Logica vorrebbe che la sensibile diminuzione degli arrivi avrebbe dovuto rendere più sostenibile il sistema di riconoscimento del diritto d’asilo. Purtroppo non è stato così: il numero di richieste esaminate mensilmente è rimasto costante. Il saldo negativo fra le domande presentate e quelle esamine presenta un carattere endemico, nonostante il calo delle domande: solo così si comprende come mai a gennaio 2014 le richieste erano meno di 15mila, per divenire150 mila all’inizio di quest’anno, pur in presenza di un netto calo degli arrivi.
Secondo l’Ispi, per smaltire le sole domande già pendenti senza accumulare ulteriore ritardo, gli uffici preposti avrebbero bisogno di lavorare per oltre un anno e mezzo senza che neppure una singola nuova domanda fosse presentata.
Per valutare la strutturale (voluta?) lentezza del nostro apparato amministrativo, basterà fare un paragone con un altro Paese europeo: la Germania esamina 50mila domande al mese (oltre sette volte di più delle nostre circa settemila).

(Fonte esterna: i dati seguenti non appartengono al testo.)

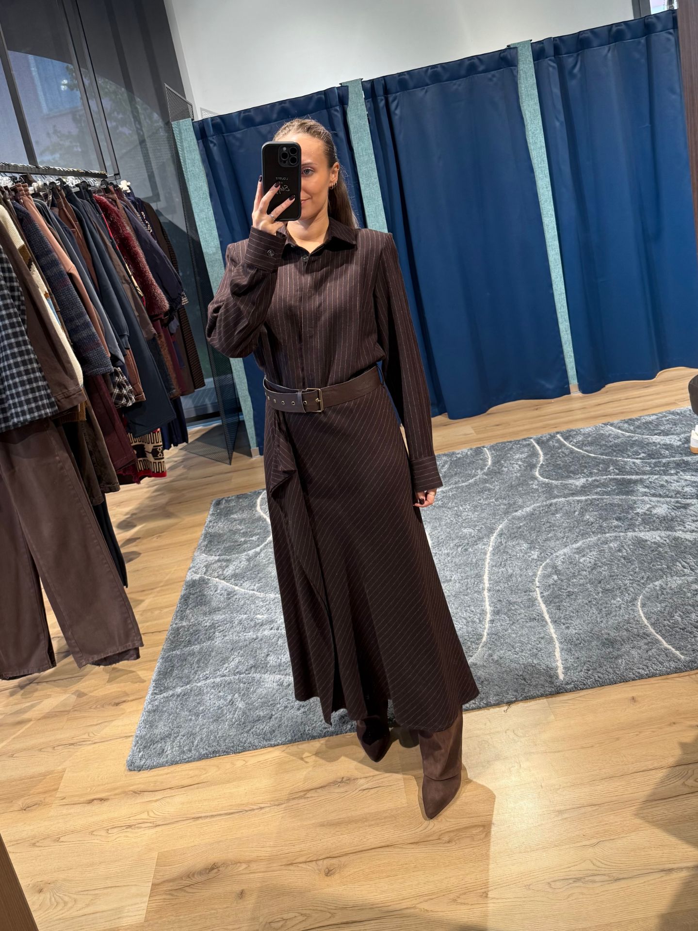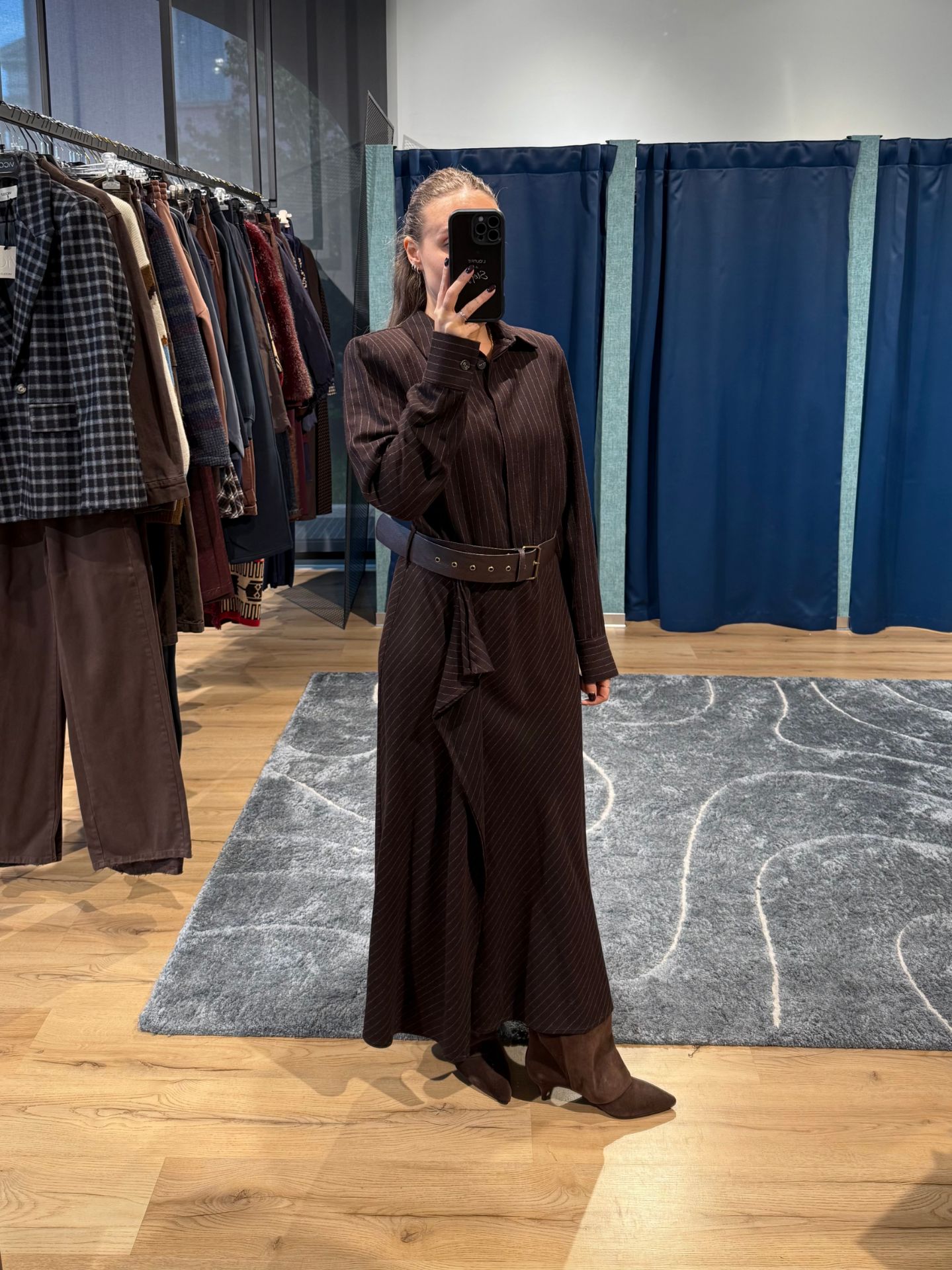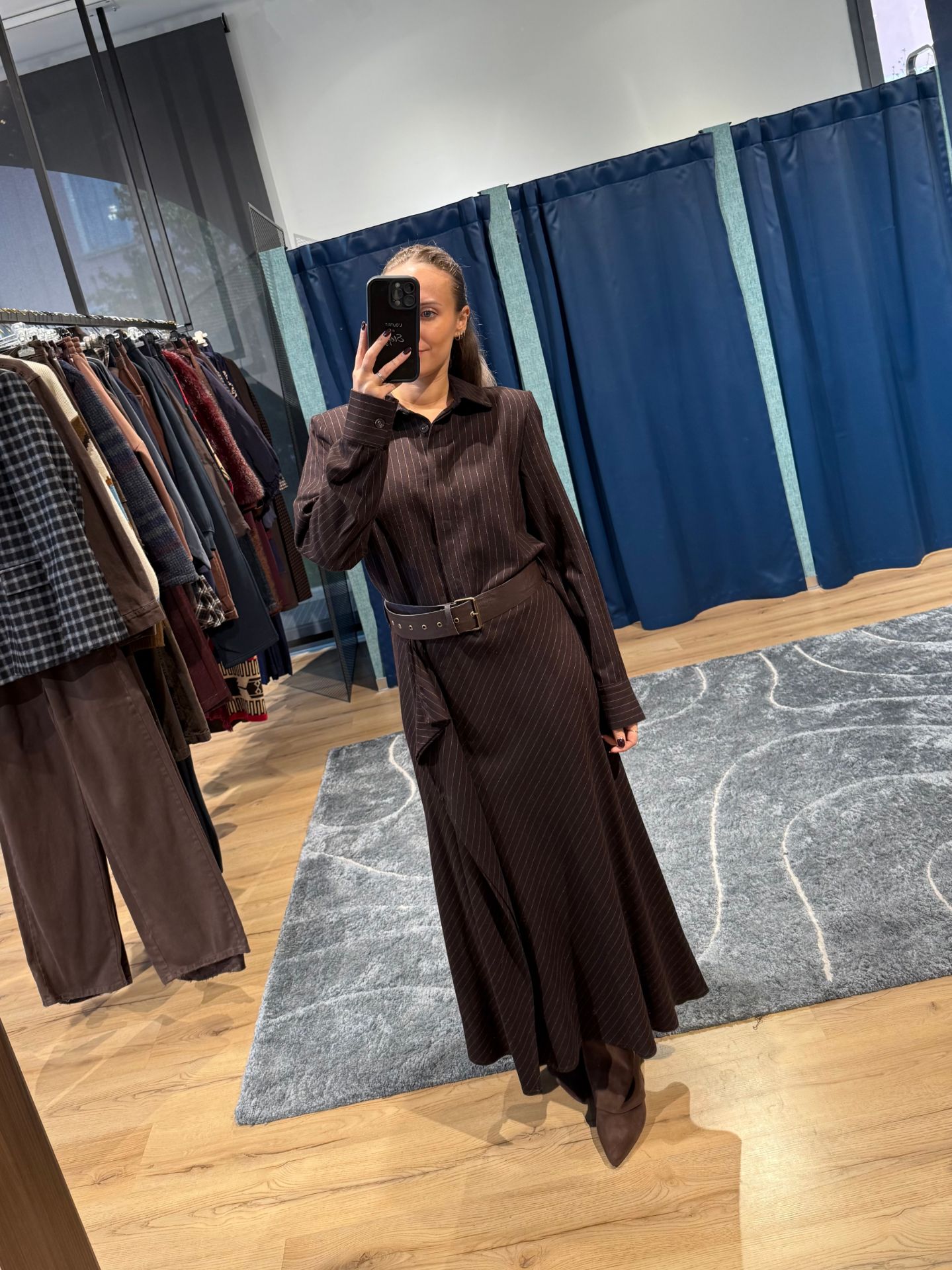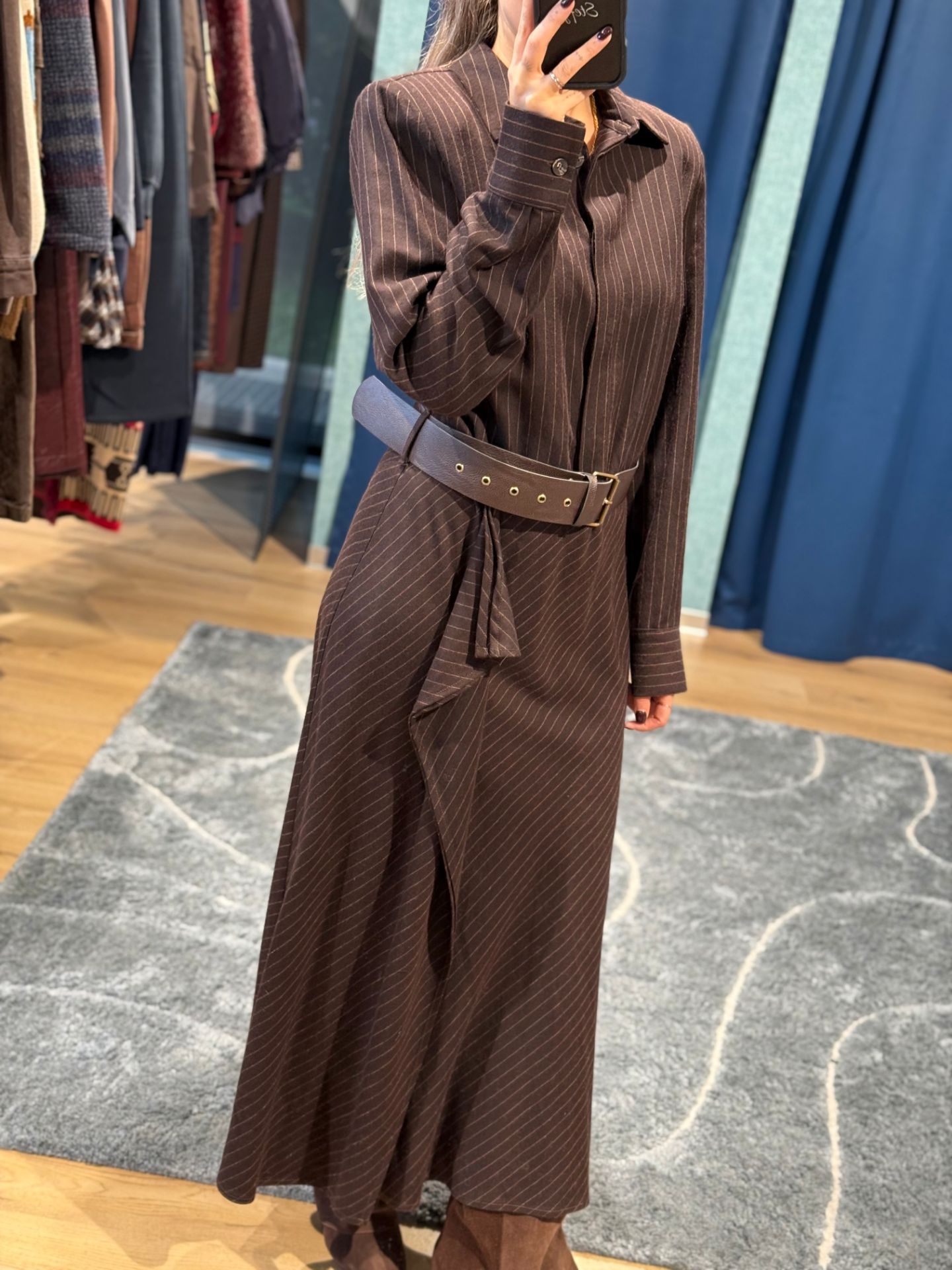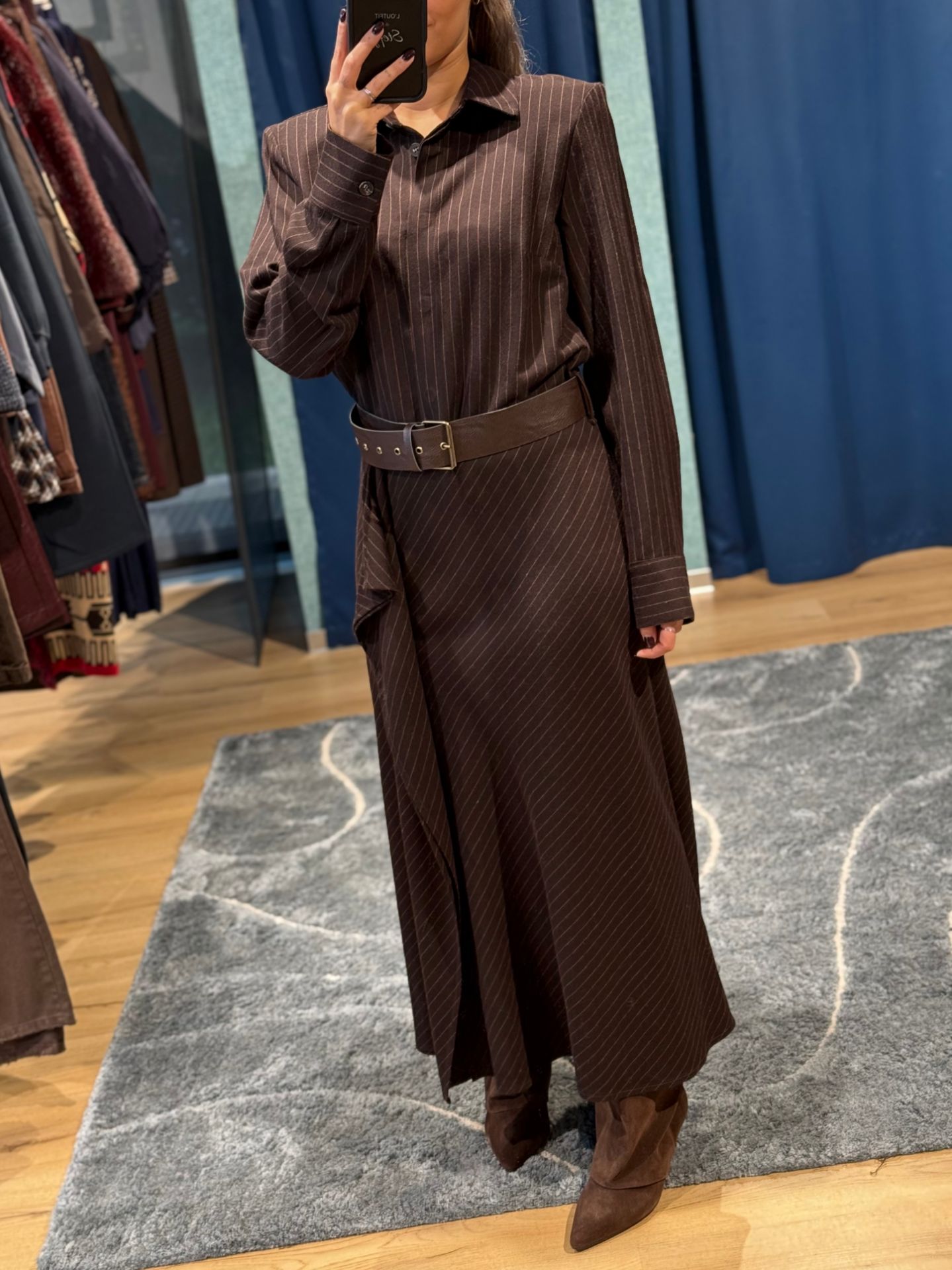 Abito lungo marrone con cintura in vita, gessato.

Il ruolo delle Ong e la bomba demografica subsahariana
Il numero di arrivi via mare non si accompagna a una diminuzione del rischio della traversata. L’Organizzazione mondiale per le migrazioni ha messo in evidenza come, fra gennaio e marzo, l’incidenza di questo rischio sia quasi raddoppiato rispetto allo stesso periodo del 2017.
Al netto delle situazioni di conflitto, il fattore più eclatante che non sarà possibile ignorare è la crescita della popolazione nell’Africa subsahariana, che fra il 1990 e il 2017 è raddoppiata da 500 milioni a un miliardo di persone (entro il 2050 la Nigeria sarà il terzo paese più popoloso al mondo).
Nel frattempo sono anche mutate le rotte di migrazione: se vent’anni fa meno del 10 per cento della popolazione si spostava al di fuori dell’Africa subsahariana, oggi la quota di chi lascia la regione supera il 40 per cento. Fra questi, dal 1990 al 2017, il 25 per cento dei migranti subsahariani ha raggiunto l’Europa (dati del Pew research center). Se ricordiamo che le Nazioni Unite prevedono una crescita costante della popolazione in quell’area fino a raggiungere i 2,2 miliardi nel 2050 e ipotizziamo che resti invariata la tendenza a migrare, il numero di cittadini internazionali provenienti dall’Africa Subsahariana crescerebbe da 24 a 54 milioni e solo in Europa aumenterebbe di altri 7,5 milioni di persone.